The two regulations are:

  1. OJK Regulation No. 15/POJK.04/2020 (“Reg. 15”);[1] and
  2. OJK Regulation No. 16/POJK.04/2020 (“Reg. 16”).[2]

Under the new arrangements, a public company may hold an e-GMS via a system provided by an e-GMS provider. In addition, electronic proxies ("e-Proxy") may be granted via the e-GMS system.

However, an e-GMS must still be accompanied by a physical event that is attended, at a minimum, by (i) the meeting chairperson; (i) one director and/or one commissioner; and (iii) capital-markets support professionals that are required for the conducting of the e-GMS, such as notaries, auditors, etc. While shareholders continue to have the option of attending the physical event, the number doing so may be restricted on a first come, first served basis.

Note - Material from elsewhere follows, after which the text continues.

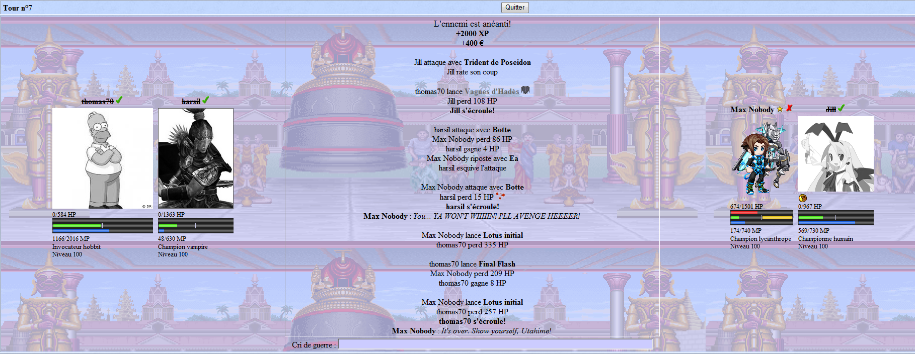 En fait y'a dû avoir 5 combats d'affilés, peut être qu'il y a des screens qui se promènent, j'ai juste voulu faire la MaJ pour la forme en attendant les screens des autre. _________________________ Groupe OVA sur FB |

In certain circumstances, as determined by the Government or based on OJK approval, it may not be necessary to hold a physical event.

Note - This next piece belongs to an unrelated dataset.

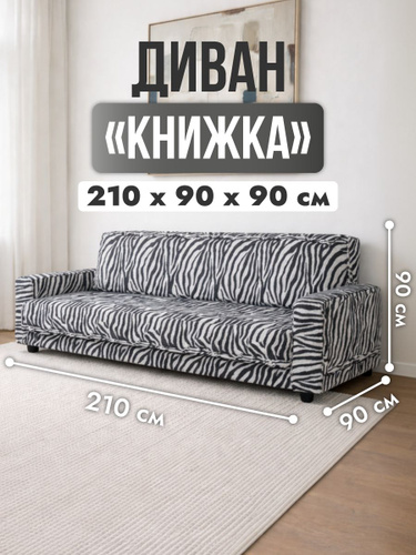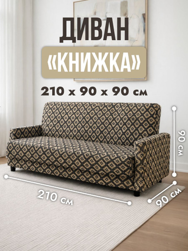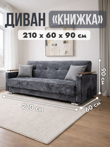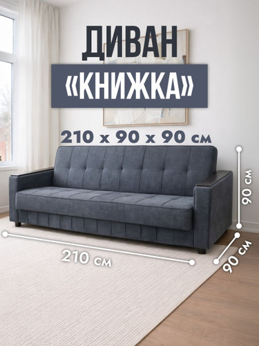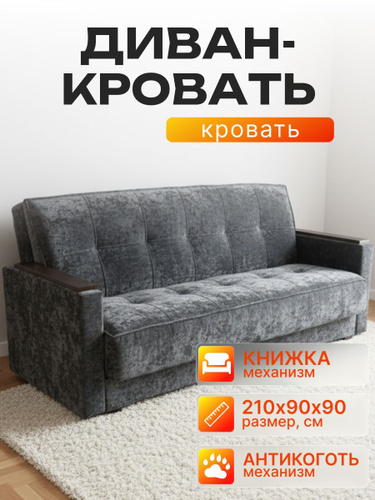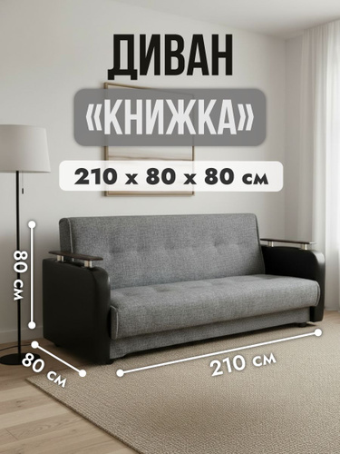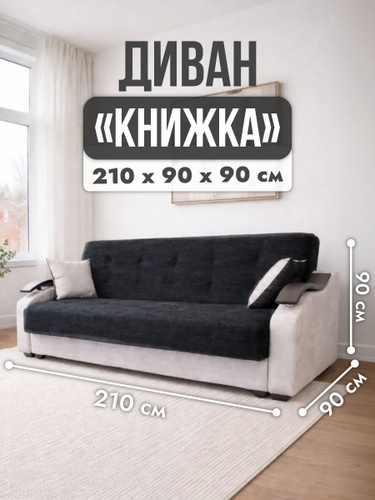Диван раскладной, механизм Книжка, 210х90х90 см,черно-серый

An e-GMS may be organized and conducted using the eASY.KSEI platform provided by the Indonesia Central Securities Depository (PT Kustodian Sentral Efek Indonesia / “KSEI”), which platform was launched in early May.

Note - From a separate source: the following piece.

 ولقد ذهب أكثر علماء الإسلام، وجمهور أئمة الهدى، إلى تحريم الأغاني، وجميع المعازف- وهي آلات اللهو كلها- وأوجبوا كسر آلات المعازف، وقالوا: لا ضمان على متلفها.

Alternatively, an e-GMS may be conducted using a platform provided by an Indonesian-domiciled and incorporated third-party provider that is approved by the OJK, or via the company’s own e-GMS platform, provided that in both cases the platform is inked to the systems operated by the KSEI and the company’s stock registrar.

The virtual attendance of a shareholder at an e-GMS constitutes their physical presence for legal purposes, and thus they will be included in the attendance list for quorum purposes. A shareholder who is present virtually but who does not cast their vote on a particular motion will be deemed to have voted with the majority.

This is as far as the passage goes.